At a high level, a speaking avatar in the browser needs five things running together:

End-of-utterance detection that knows when the user has stopped speaking (not just paused).
An LLM that streams text as it generates.
A TTS that streams audio and emits per-character alignment alongside it.
A scheduler that converts alignment events into viseme targets on the audio playback clock.
A frame-synced blend loop that drives the avatar's mouth toward the target every frame.

The critical design point is that timing is owned by the audio stream, not inferred after the fact. Every other clock in the system (network transport, animation, rendering) sits under the audio timeline. That's what makes the avatar feel present instead of mechanical.

Want to see a working version live? The Quickstart gets a companion with voice and lip sync on your site in about five minutes. The Voice Setup guide covers the full voice configuration.

Why browser, not server

Fair question. Why do lip sync in the browser at all? Couldn't you render the whole avatar server-side and stream it as video?

You could. Two reasons the browser wins for this shape of product:

Latency. Every server round-trip adds 50 to 150 ms. On a three-second response, that's 10 to 20 percent added latency. You feel it. WebSockets carrying alignment events cost effectively nothing.

Bandwidth. A 720p avatar video at 30 fps runs 1 to 3 Mbps continuously. Alignment events over a WebSocket are around 1 KB per second.

Server-side rendering wins if the avatar is photoreal 4K on an ancient laptop. Most embedded use cases want stylized 60 fps avatars. For that, the browser wins on every axis that matters. More on why we went this way in the SDK guide.

FAQ

What's the difference between a viseme and a phoneme? A phoneme is an audible unit of speech. A viseme is the visual mouth shape that corresponds to it. Multiple phonemes can share one viseme because the mouth can't visually distinguish between, say, /p/ and /b/. Both are closed lips.

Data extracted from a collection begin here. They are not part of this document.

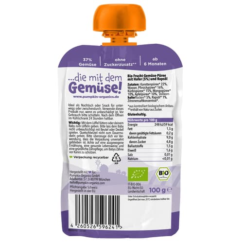 Der Pumpkin Organics Bio Gemüse-Quetschie mit Karotte, Pfirsich, Kürbis, Mango, Apfel und Hafer bringt mit 37% extra viel Gemüse mit und enthält dadurch nur 4,8g/100g Fruchtzucker, deutlich weniger Zucker als andere Quetschies auf dem Markt. In diesem Quetschie trifft eine milde Basis aus Karotte und Kürbis auf die fruchtige Note von Pfirsich und Mango. Diese feine Kombination überzeugt Kinder ab 6 Monaten und ist ein sanfter Einstieg in gemüsige Snacks. Bio Vollkornhaferflocken liefern zusätzliche Energie für zwischendurch und macht den Quetschie zum idealen Begleiter für unterwegs. Dieser Quetschie ist eine ideale Wahl für Eltern, die ihren Kindern gemüsereiche und fruchtzuckerarme Snacks aus 100% Bio Zutaten bieten möchten. Er enthält keinen Zuckerzusatz (enthält von Natur aus Zucker) oder Zusatzstoffe. Die Quetschie-Verpackung ist zudem recycelbar und einfach im gelben Sack zu entsorgen.
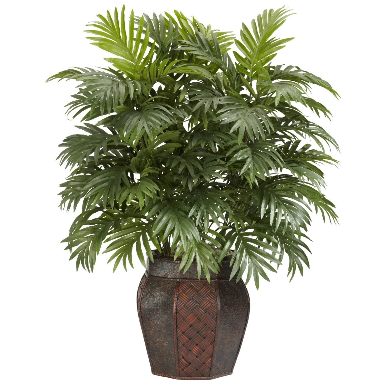 Put down the machete! The Areca Palm with its thick lush leaves is the bane of jungle travel, but perfect for improving the mood of any room. Hailing from Madagascar, the Areca Palm, with its deep rich tropic décor, is sure to delight anyone who dreams of relaxing on a beach surrounded by greenery. Reaching upward at 38 inches and complete with a decorative patterned vase, it’s an elegant addition anywhere.
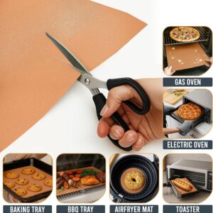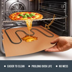 - PREMIUM QUALITY & SUPERIOR DURABILITY: 3-piece set of large copper oven liners (17″ x 25″), made from extra-thick 0.28mm heavy duty non stick material, thicker and more durable than standard liners on the market. Built to withstand high heat up to 500°F without warping or damage, providing long-lasting protection for the bottom of ovens. Easily trimmed for a perfect custom fit, these liners are a better, more reliable alternative to aluminum foil and sheets.
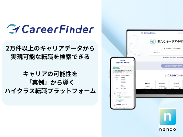 ②「CareerFinder」: 2万件以上の経歴情報を蓄積したキャリアデータから実現可能な転職を検索できる、求職者のキャリアの可能性を「実例」から導くハイクラス転職プラットフォーム

Can I use NVIDIA Audio2Face for real-time lip sync? You can, but it adds meaningful inference cost at playback time. For real-time conversational use in the browser, pulling timing from the TTS stream tends to be faster and more accurate than running a separate audio-to-face model.

Does this work with custom avatars? Yes. Any avatar with blend-shape targets for a standard viseme set (ARKit's 52 face blend shapes, Oculus/Meta's 15-viseme set, or the Disney canonical set) can be driven by an alignment-event stream.

Which TTS providers offer character-level timestamps? Several. ElevenLabs is one. Azure SSML-based voices expose similar alignment data. OpenAI's TTS API doesn't provide character-level alignment at the time of writing.

How much latency does a timestamp-based viseme pipeline add? Effectively zero on top of TTS, because timestamps arrive with the audio. Viseme transitions are scheduled against the audio clock so they don't drift.

Is character-timestamp lip sync better than audio-to-face? For real-time browser use, yes. Audio-to-face models are strong for pre-rendered video where inference cost is fine. For live avatars with a tight latency budget, pulling timing from the TTS is faster and more accurate.